Canada’s used-vehicle market is drifting closer to “normal,” with wholesale prices for two- to six-year-old vehicles continuing to decline month over month, according to the Residual Value Newsletter (January 2026) from Canadian Black Book.
The report points to a cooling market backdrop: inflation held steady at 2.2 per cent in November, while food prices rose 4.2 per cent year over year, a reminder that household budgets remain under pressure even as the overall inflation rate stabilizes.
Canada also avoided a technical recession, posting 2.6 per cent annualized GDP growth in the third quarter, helped by crude oil exports and government capital spending. On the labour front, the unemployment rate fell to 6.5 per cent in November, driven by an increase in part-time work, particularly among youth.

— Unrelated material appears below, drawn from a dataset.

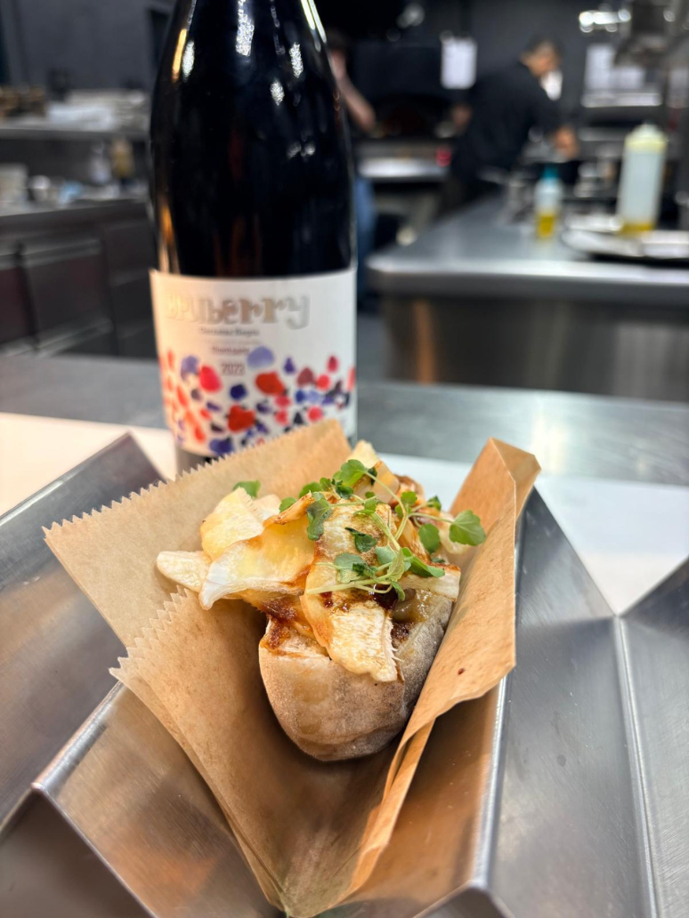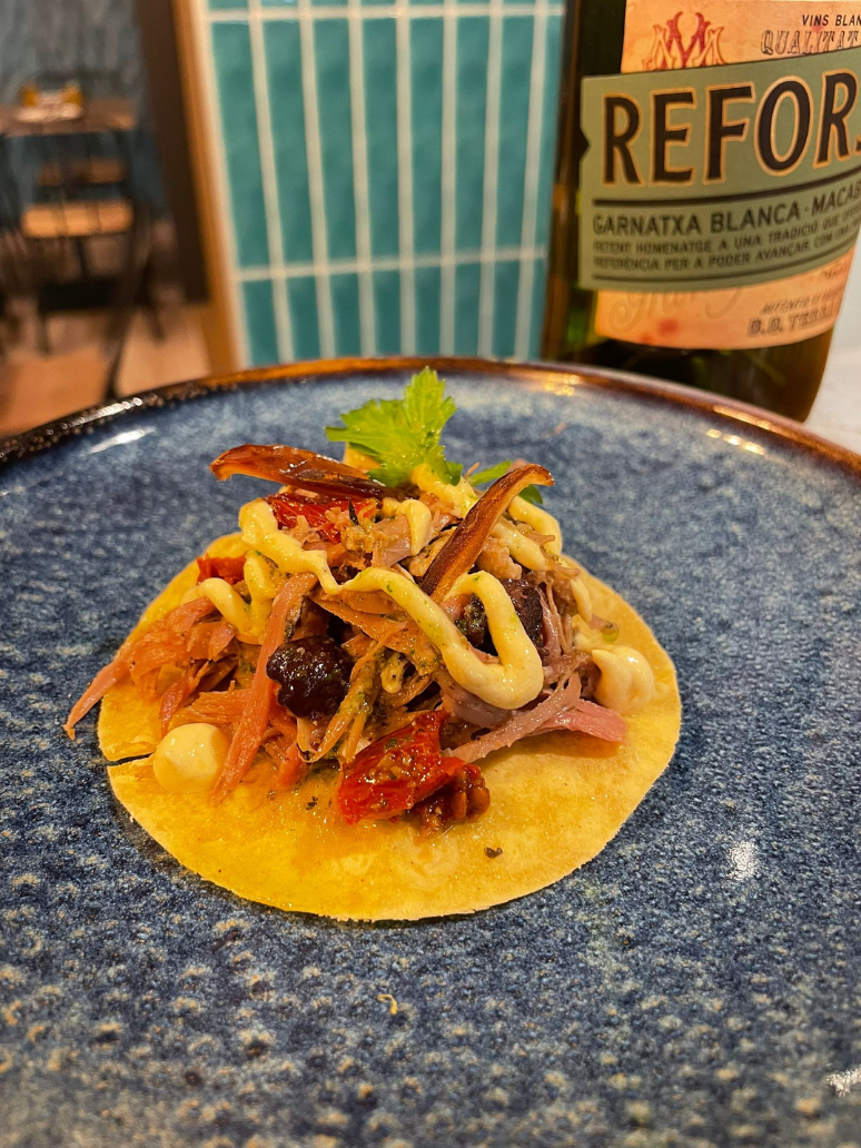 “Tortita blat de moro” amb ragú de xai, tomàquets confitats olivada salsa de yogur i tahin amb suc del rostit..!!!

The newsletter notes the Bank of Canada cut its policy rate to 2.25 per cent in October, then held rates steady on Dec. 10, as revised GDP data suggested the economy entered 2025 stronger than previously believed. Analysts cited in the report suggest further cuts in 2026 may be unlikely.
Looking ahead, the report flags continued uncertainty around U.S. trade talks, with CUSMA renewal negotiations expected to begin in early 2026. It also highlights that B.C. is reviewing its electric vehicle mandate, potentially delaying implementation while Ottawa rethinks the national mandate.
For dealers, the overall message may be that declining wholesale prices can squeeze trade-in values and put pressure on used margins. However, they also create opportunities to stock more competitively, sharpen reconditioning and pricing discipline, and push leasing and finance products where monthly payments matter most.